Phase 5: Backend Integration (Complete)

  • Integrated GPU embedder into Flask app (singleton pattern)
  • All search routes now use manual vectorization with near_vector()
  • Updated all routes: simple_search, hierarchical_search, summary_only_search, rag_search
  • Fixed Work → Chunk/Summary property mapping (v2 schema)

Phase 6-7: Testing & Optimization

  • Comprehensive testing of search routes
  • MCP tools validation
  • Performance optimization with GPU embeddings
  • Documentation updates (README.md, CLAUDE.md)

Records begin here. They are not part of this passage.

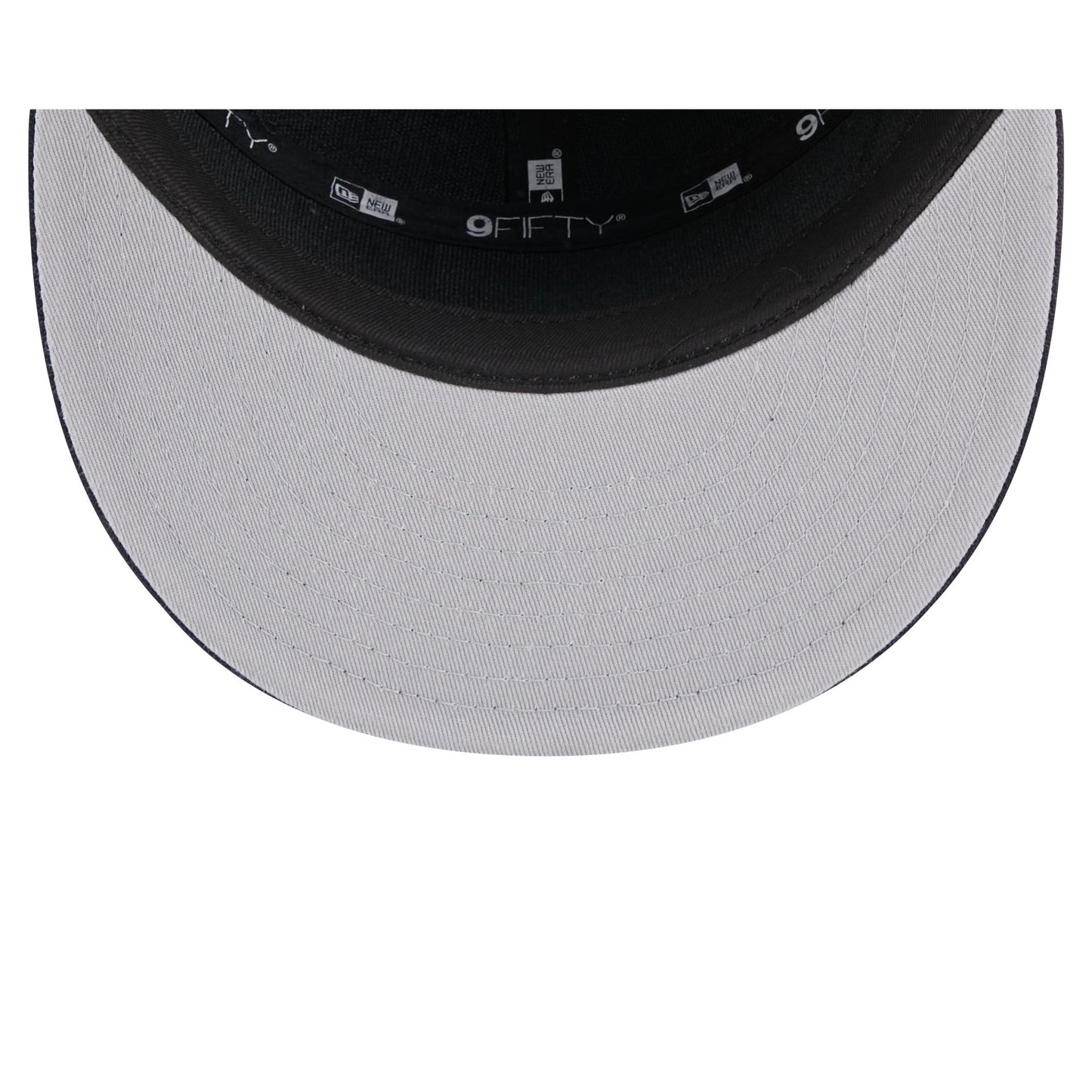 The Atlanta Braves Cotton Canvas 9FIFTY Split Panel Trucker Hat features an embroidered Braves logo at the front panels with an adjustable snapback closure at a mesh rear.
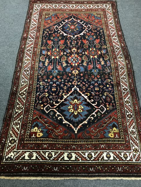 A Persian rug, with a central blue medallion of stylized flowers, enclosed by cream borders, 254 cm x 142 cm.
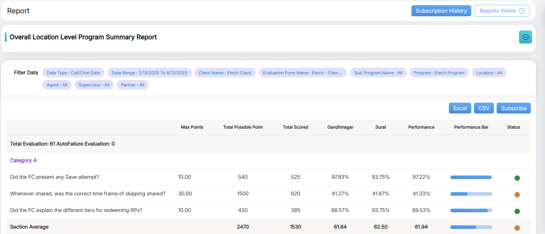 Overall Location Level Program Summary Report displays the weekly performance of the program. This allows to track the weekly QA trend of a specific program.
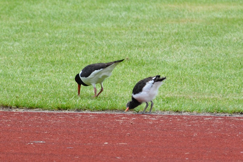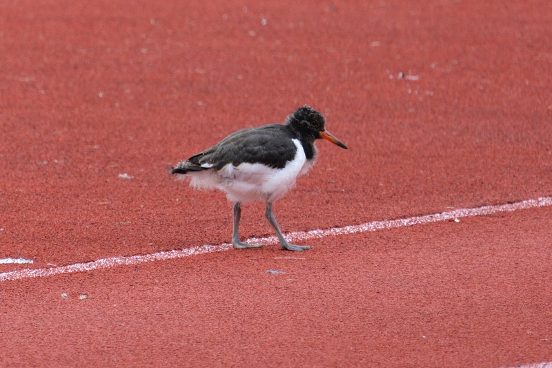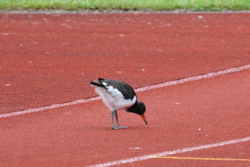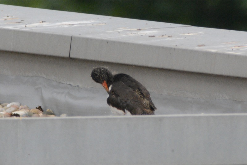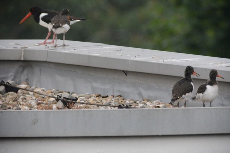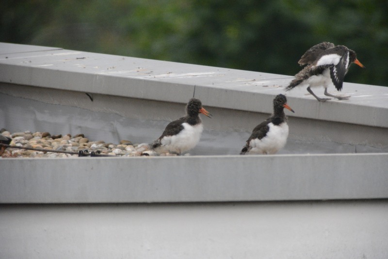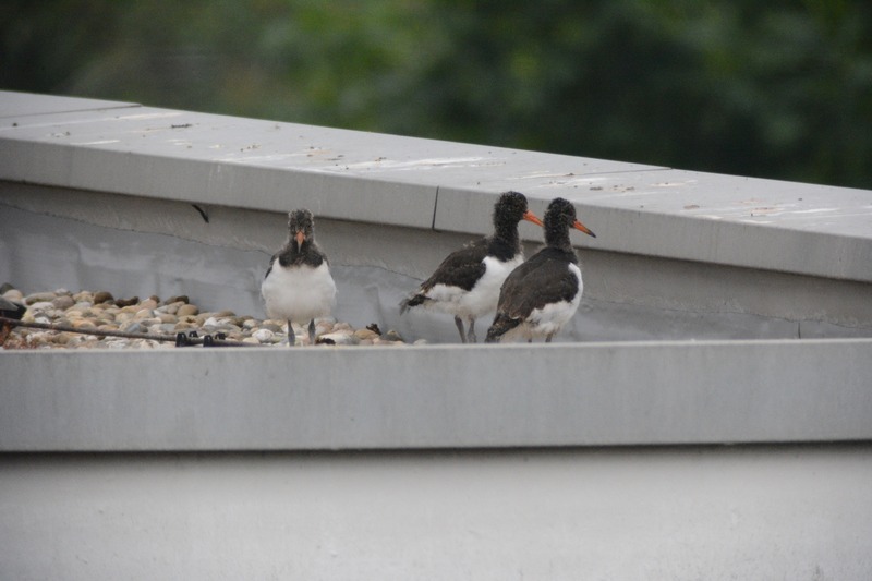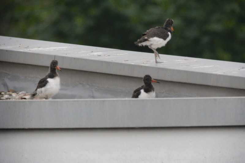 Seit Mitte April verfolgen die Mitarbeiter der Naturschutzstation das Geschehen rund um ein Austernfischerpaar auf einem naheliegenden Hochhaus-Flachdach (siehe ältere Kurzmitteilungen von April bis Juni). Am Dienstag vergangener Woche schien der „Abflug“ der drei Küken unmittelbar bevorzustehen (siehe unten). Und tatsächlich: nur zwei Tage später fand sich der erste Jungvogel auf dem nur etwa 200 m entfernten Sportplatz der Friesenschule wieder. Von dort hatten die Altvögel wochenlang Würmer und Insektenlarven zum Flachdach getragen.
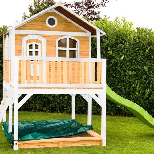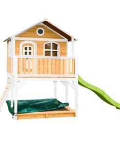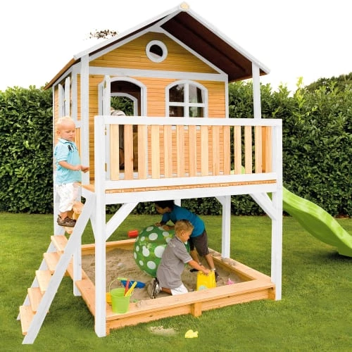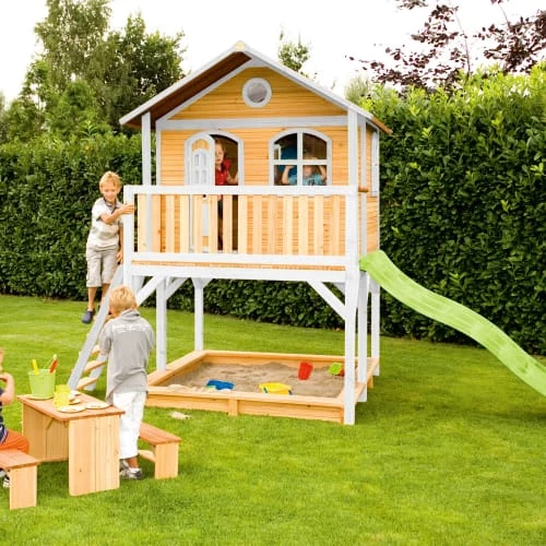 Mobilier De Jardin Enfant AXI Maisonnette EMMA Brun Blanc Avec Toboggan Citron Vert
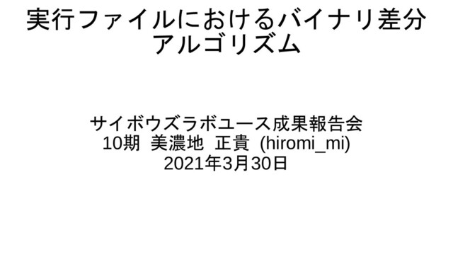 実行ファイルにおけるバイナリ差分 アルゴリズム サイボウズラボユース成果報告会 10期 美濃地 正貴 (hiromi_mi) 2021年3月30日
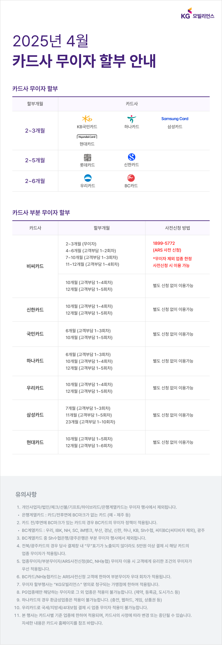 [공지] 4월 카드 무이자 할부 안내 페이스북 트위터 카카오톡
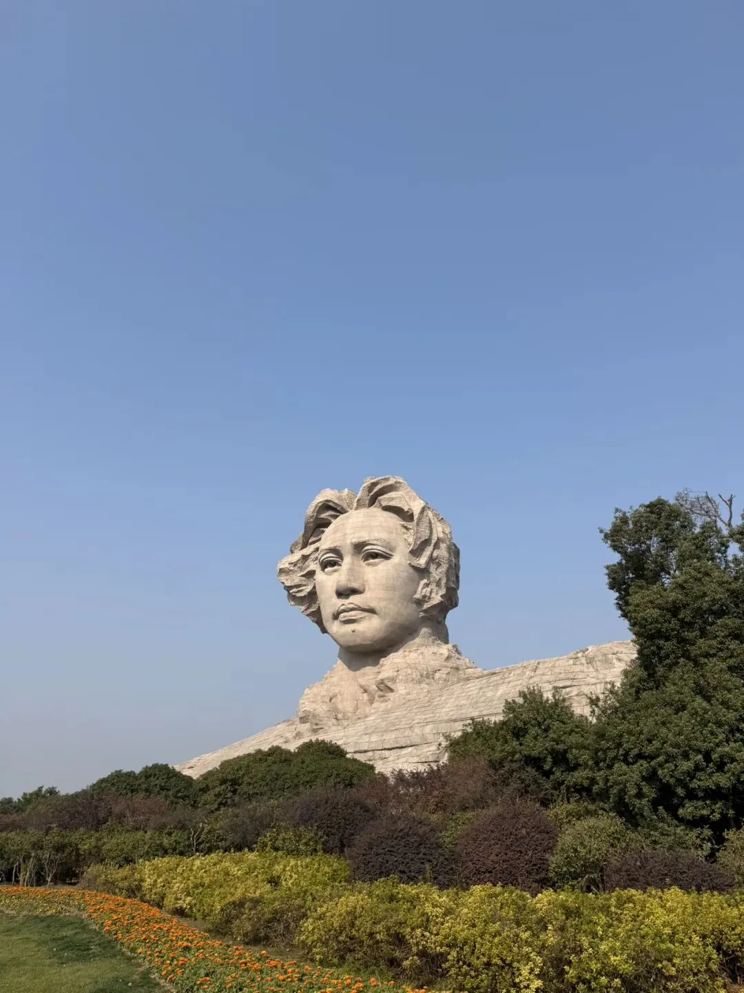 高32米、长83米、宽41米的中国最大毛泽东青年像(半身),以1925年32岁时的毛泽东形象为原型,飘逸长发、深邃目光,象征“心忧天下、谁主沉浮”。
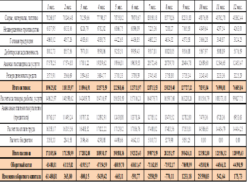 Сумма резерва денежных средств составит: А1 мес 6= Таблица 11 - Резерв денежных средств
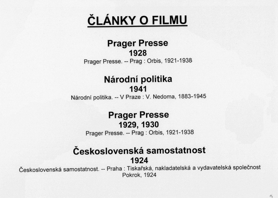 1. TitleČlánky o filmu [mikrodokument]. Prager Presse - 1928, 1929, 1930. Národní politika - 1941, 1944, 1943. Československá samostatnost - 1924. Národní osvobození 1924, 1925, 1930, 1929. České slovo -1944. Právo lidu - 1925. Výtečný sklepník [rukopis] - 1906. - 34 s.
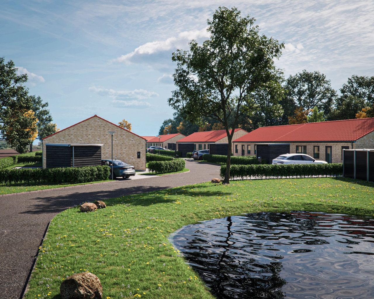Projektsalg i Greve Landsby - 12 rækkehuse, skabt med klassiske linjer og nutidens behov for øje. Landsbyen, kendt for sin hvide kirke fra 1175 og præstegården, som dannede rammen om den oprindelige julefilm “Nøddebo Præstegård”, emmer af historie og lokal charme. Markerne, der engang tilhørte områdets landmænd, er nu forvandlet til et sted, hvor nye hjem vokser frem.
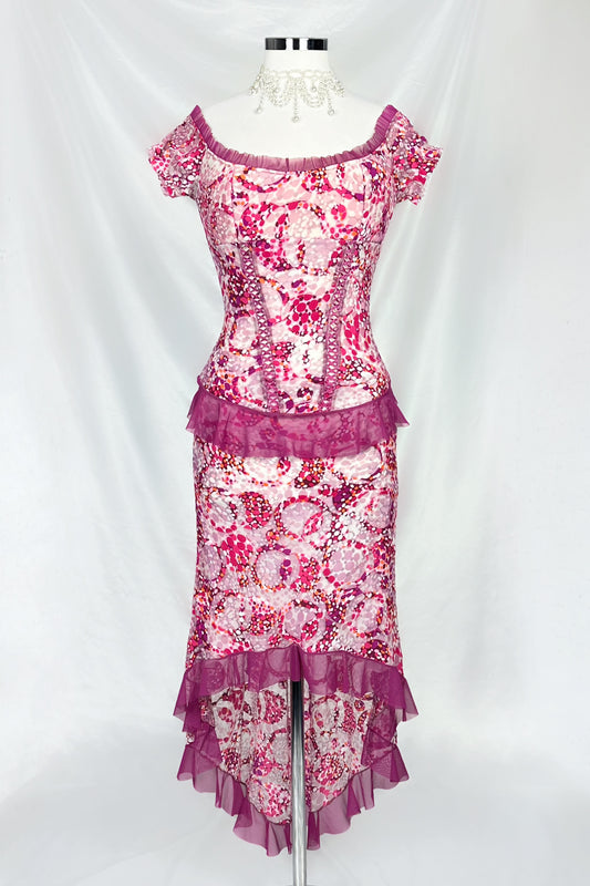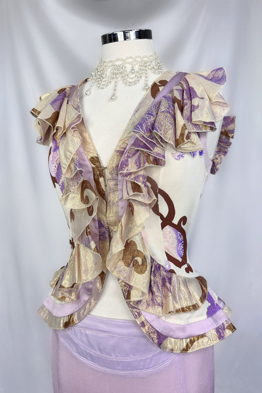 VINTAGE 00s ROBERTO CAVALLI LILAC GOLD RUFFLE PEPLUM TOP & SKIRT SET
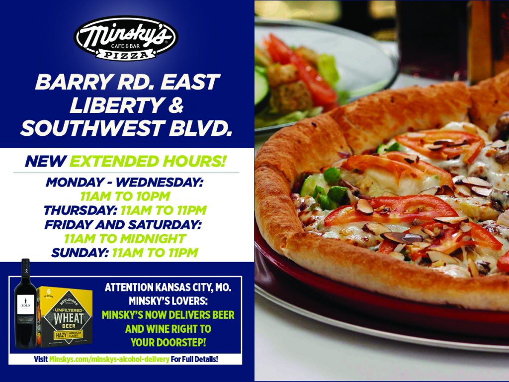 ATTN: Minsky’s Pizza lovers! Beginning Friday, March 8th, our Barry Road East, Liberty and Southwest Boulevard locations will now have extended hours! Now open: Monday – Wednesday: 11:00 AM -…
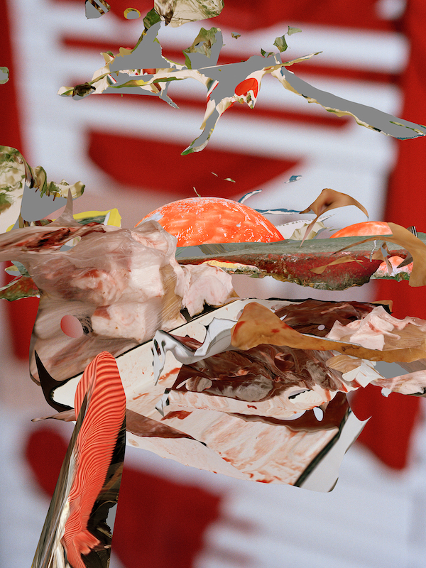 Pidust understands photography in the sense given to it by the photo-theorist Enno Kaufhold who, in his anthology, Natürlich Künstlich: Das virtuelle Bild (naturally artificial: the virtual image) (2001), referred to it as a hybrid that moves between the natural and the artificial. Her images are made up of analogue elements (photographed by Pidust herself) and digital components, where the artist uses 3D programs or allows them to work for her. For example, Pidust works with a creative software for scanning architecture and for producing digital models of rooms and spaces, by interfering with the program-immanent algorithms that are responsible for the so-called pattern recognition. This allows something new and unexpected to emerge, the process of creativity has become independent. The computer becomes a creative entity, because she uses artificial intelligence to manipulate true-to-life representations. Chance becomes a central element in the process, similar to the way colours blend together in a painting. For her montages, Pidust works with computer programs to create virtual 3D objects, into which she introduces pictorial elements from other sources, such as material that she herself has photographed. In doing so, she involves not only rigid objects, but also fluid, moving materials that she later freezes. The artist rotates the 3D objects on the computer and then produces a perspective that she ultimately transforms into a finished, two-dimensional piece of work. This gives rise to the enormous plasticity found in the pictures, that is so characteristic of Pidust’s oeuvre.
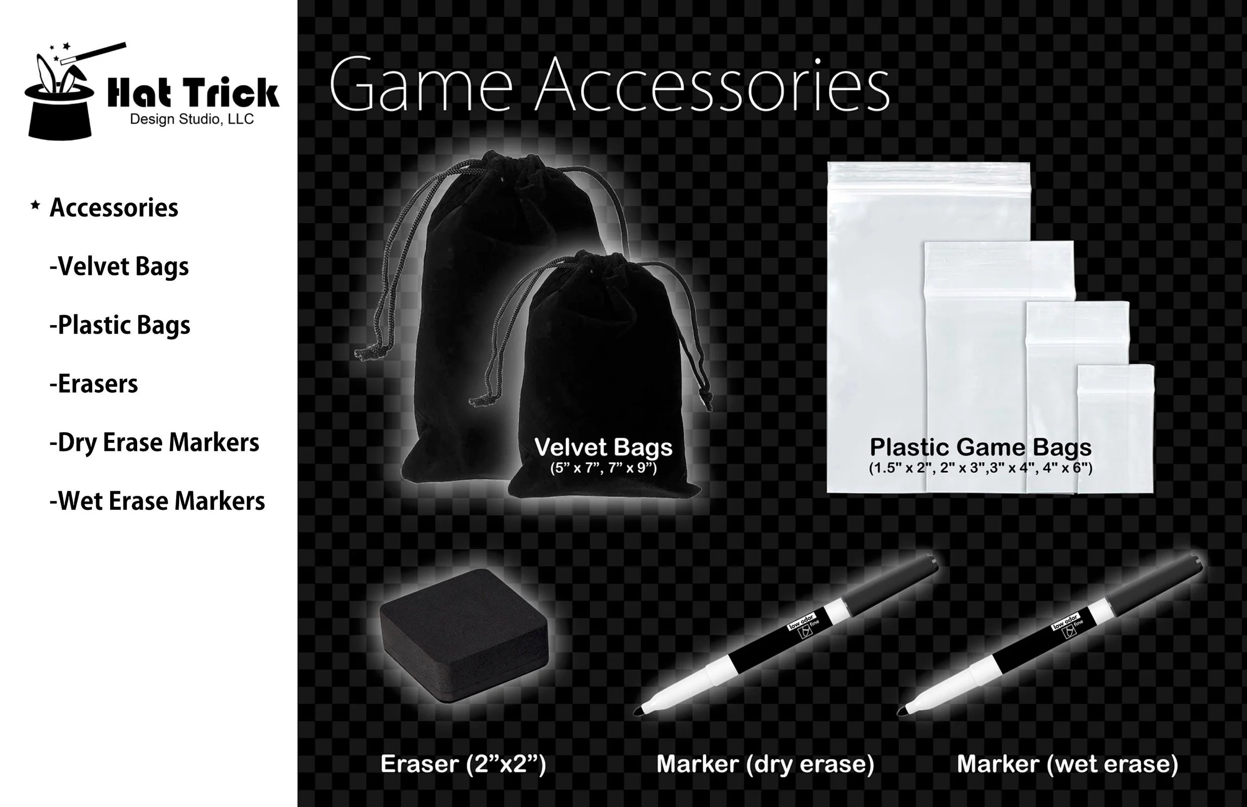 Accessories and Add-on items, Velvet Bags, Plastic Bags, Wet Erase Markers and Dry Erase Markers, Game Tokens
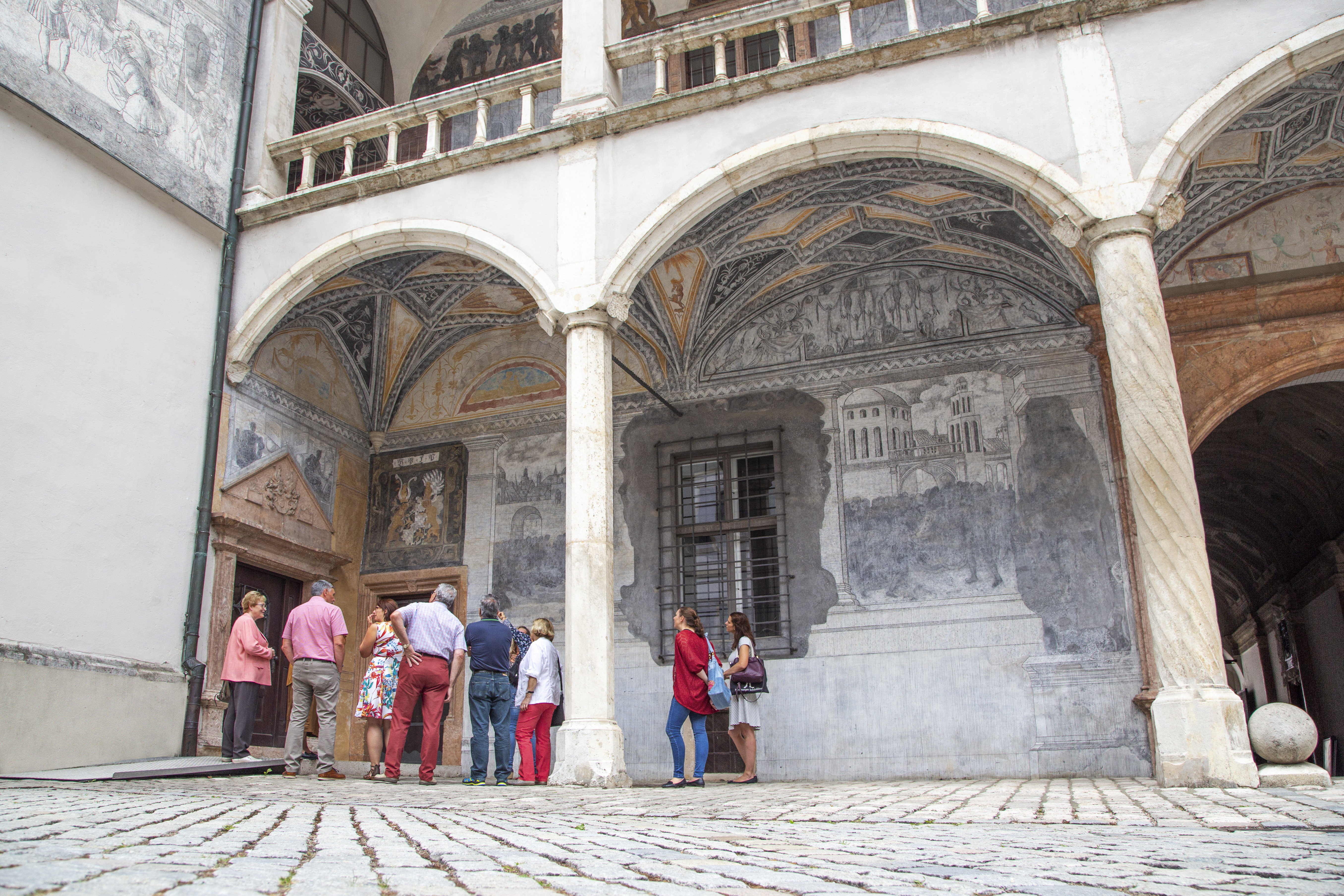 <p style="text-align:justify">Sie entdecken die historische Altstadt mit ihren vielen kleinen, malerischen Gassen. Sie erfahren interessantes über die Sgraffiti-Kunst im Schlossinnenhof und werden durch die eindrucksvolle Schlosskapelle geführt. Außerdem besichtigen Sie die prächtige Hofkirche mit ihrer imposanten Fassade am schönen Karlsplatz umgeben von Bürger- und Patrizierhäusern. Als besonderes Highlight besuchen Sie am Ende dieses Spaziergangs noch die Provinzialbibliothek.</p> <p style="text-align:justify"><em>Auf Wunsch erhalten Sie auch einen Einblick in unserem Rathaus und erfahren interessante Geschichten des Gebäudes und können die wunderschön dargestellten Rathausgemälde bestaunen.</em></p> <h3 style="text-align:justify">Höhepunkte</h3> <ul> <li style="text-align:justify">Schlosshof</li> <li style="text-align:justify">Schlosskapelle</li> <li style="text-align:justify">Hofkirche</li> <li style="text-align:justify">Karlsplatz</li> <li style="text-align:justify">Barocke Patrizierhäuser</li> <li style="text-align:justify">Provinzialbibliothek</li> <li style="text-align:justify"><em>Rathaus (auf Wunsch)</em></li> </ul> <h3>Anmeldung</h3> <p>Tickets werden einzeln vergeben, bitte melden Sie jeden Teilnehmer einzeln an.<br /> Wird bei Verfügbarkeit <strong>Auf Anfrage buchbar</strong> angezeigt, ist eine Anmeldung nur noch telefonisch über die Tourist-Information möglich.</p> <h3>Treffpunkt</h3> <p>Tourist-Information<br /> Ottheinrichplatz A 118<br /> 86633 Neuburg an der Donau</p> <h3>Zeitraum</h3> <p>jeden Sonntag und Feiertag um 14:30 Uhr<br /> (Führungen von Ostersonntag bis 1. November)</p> <h3>Dauer</h3> <p>90 Minuten</p>
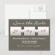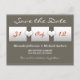 modern wedding save the date postcard with silver metallic design and red date numbers.
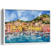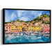 Introducing "Aquatic Haven," a mesmerizing canvas art print that transports you to a coastal Mediterranean village, reminiscent of the charming towns along the Italian Riviera. This artwork captures the essence of a vibrant and lively scene, where colorful buildings elegantly line the waterfront, their reflections shimmering on the tranquil waters below.

Phase 8: Documentation Cleanup

  • Consolidated all phase documentation
  • Updated README with Memory MCP tools section
  • Cleaned up temporary files and scripts

Archive Structure

archive/
├── migration_scripts/        # Migration & optimization scripts (01-11)
│   ├── 01_migrate_document_to_work.py
│   ├── 02_create_schema_v2.py
│   ├── 03_migrate_chunks_v2.py
│   ├── 04_migrate_summaries_v2.py
│   ├── 05_validate_migration.py
│   ├── 07_cleanup.py
│   ├── 08_fix_summaries_properties.py
│   ├── 09_rechunk_oversized.py
│   ├── 10_test_search_quality.py
│   ├── 11_vectorize_missing_chunks.py
│   └── old_scripts/          # ChromaDB migration scripts
├── migration_docs/           # Detailed migration documentation
│   ├── PLAN_MIGRATION_V2_SANS_DOCUMENT.md
│   ├── PHASE5_BACKEND_INTEGRATION.md
│   └── WEAVIATE_RETRIEVAL_ARCHITECTURE.md
├── documentation/            # Phase summaries
│   ├── PHASE_0_PYTORCH_CUDA.md
│   ├── PHASE_2_MIGRATION_SUMMARY.md
│   ├── PHASE_3_CONVERSATIONS_SUMMARY.md
│   ├── PHASE_4_MIGRATION_CHROMADB.md
│   ├── PHASE_5_MCP_TOOLS.md
│   ├── PHASE_6_TESTS_OPTIMISATION.md
│   ├── PHASE_7_INTEGRATION_BACKEND.md
│   ├── PHASE_8_DOCUMENTATION_CLEANUP.md
│   └── MIGRATION_README.md
└── backups/                  # Pre-migration data backups
    └── pre_migration_20260108_152033/

Technology Stack

Vector Database: Weaviate 1.34.4 with BAAI/bge-m3 embeddings (1024-dim) Embedder: PyTorch 2.6.0+cu124, GPU RTX 4070 Backend: Flask 3.0 with Server-Sent Events MCP Integration: 9 memory tools + 6 RAG tools for Claude Desktop OCR: Mistral OCR API LLM: Ollama (local) or Mistral API


Known Issues

  1. Chunk_v2 has no vectorizer: All new chunks require manual vectorization via 11_vectorize_missing_chunks.py
  2. Data imbalance: Collected papers represents 95.8% of chunks, dominating search results
  3. Mind Design III underrepresented: Only 61 chunks (1.2%) vs 5,080 for Collected papers

Recommendations

  1. Add more diverse works to balance corpus
  2. Consider re-ranking with per-work boosting for diversity
  3. Recreate Chunk_v2 with text2vec-transformers vectorizer for auto-vectorization (requires full data reload)

For detailed implementation notes, see .claude/CLAUDE.md and archive/ directories.